Ah, but a man's reach should exceed his grasp, Or what's a heaven for?
—Robert Browning

According to a recent snippet in Harper's magazine, the reach of American entrepreneurship has exceeded that of the builders of the Tower of Babel and extends into heaven itself. Afterlife Telegrams offers to deliver messages to the dead for a price of $10 a word (with a five-word minimum) by way of terminally ill patients who promise to deliver the messages upon "passing into the afterlife."

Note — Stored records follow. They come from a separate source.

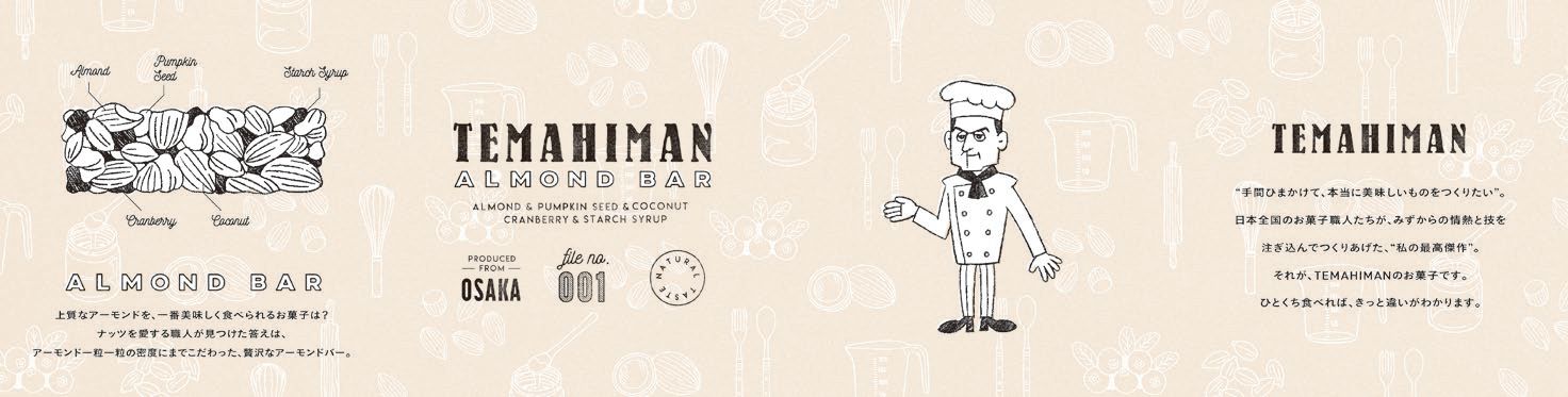 「原価を気にせず、手間暇かけて、本当においしいお菓子をつくりたい。」そんな想いを持つお菓子職人たちが、みずからの情熱と技を注ぎ込んでつくりあげた「自分史上最高傑作」。それがTEMAHIMANブランドのお菓子です。第1弾は、ナッツを愛する職人が、上質なアーモンドを一番おいしく食べてもらうために作った贅沢なアーモンドバー。ひとくち食べれば、これまでのアーモンドバーとの違いが分かります。これからの季節、帰省や観光のお土産にお勧めの商品です。当商品は近畿エリアを中心としたお土産店にて購入が出来ます。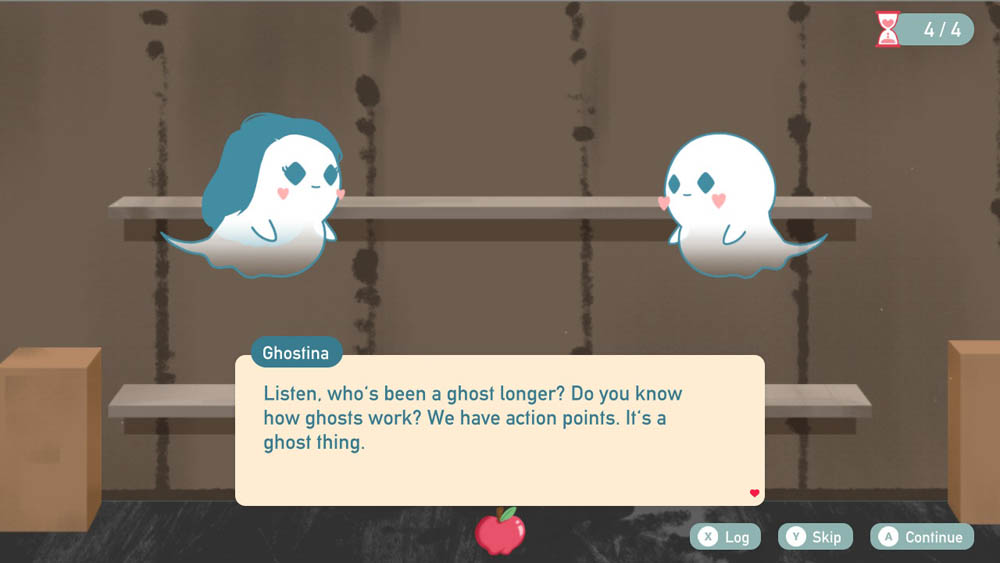 Love, Ghostie kommt mit einem klassischen Tagesdesign daher. Das bedeutet, dass du am Tag eine gewisse Anzahl an Aktivitätenpunkte zur Verfügung hast (Ghostina sagt: Als du noch gelebt hast, hast du geschlafen, wenn du ausgelaugt warst, im Nachleben hast du eben Aktivitätenpunkte). Sind die Punkte alle, beendest du den Tag und siehst zum einen das Date, das du eventuell arrangiert hast, und wie sich deine Entscheidungen vom Tag entfalten. Am nächsten Tag startest du wieder – direkt nachdem gespeichert wurde.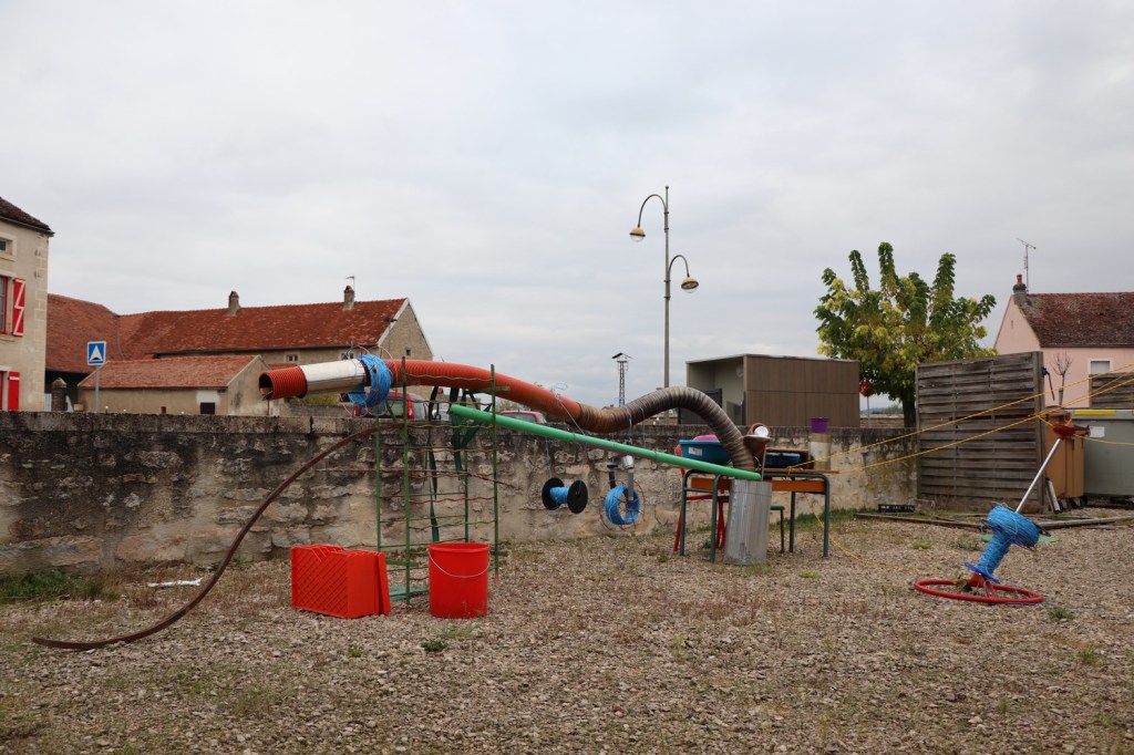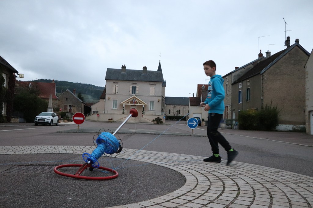 Le contraste entre un intérieur d’artiste singulier et chaleureux et un espace public de carte postale vide est saisissant. Il se retrouve à Pouillenay même, où avec l’accord final du maire les sculptures-bobines des élèves sont sorties et installées sur la place du Macarena, hôtel-restaurant au centre du village. Nous installons également les pancartes explicatives créées par les enfants à l’aide de fil. Un café et un chocolat chaud nous permettent d’annoncer l’exposition au personnel de l’établissement qui, surpris, nous assure qu’il passera le message.

In the fine print of the agreement, however, it warns customers that it cannot guarantee the message will get through. "The truth is," Afterlife Telegrams solemnly warns, "no one knows what happens when someone dies."

According to a spate of books reaching back several years, however, it is clear that lots of people have thought they knew what happens when someone dies, and they have described it in considerable detail. Indeed, the description of heaven and other aspects of the afterlife occupies a prominent place in the history of Western ideas. Describing heaven has rarely been the result of idle speculation or objective biblical theology, but has customarily been about what is, and what should be, going on in this world.

Rose Bowl or Garden City


Several recent books present startling historical arrays of portraits of heaven. Colleen McDannell and Bernhard Lang's Heaven: A History has won considerable notice for its sweeping coverage of both popular and élite accounts of heaven. Jeffrey Burton Russell covers much the same ground in his more recent survey, A History of Heaven, but is stuck on Dante's vision. In The Early History of Heaven, J. Edward Wright examines views of heaven outside Israel and the church that might have influenced biblical concepts. ...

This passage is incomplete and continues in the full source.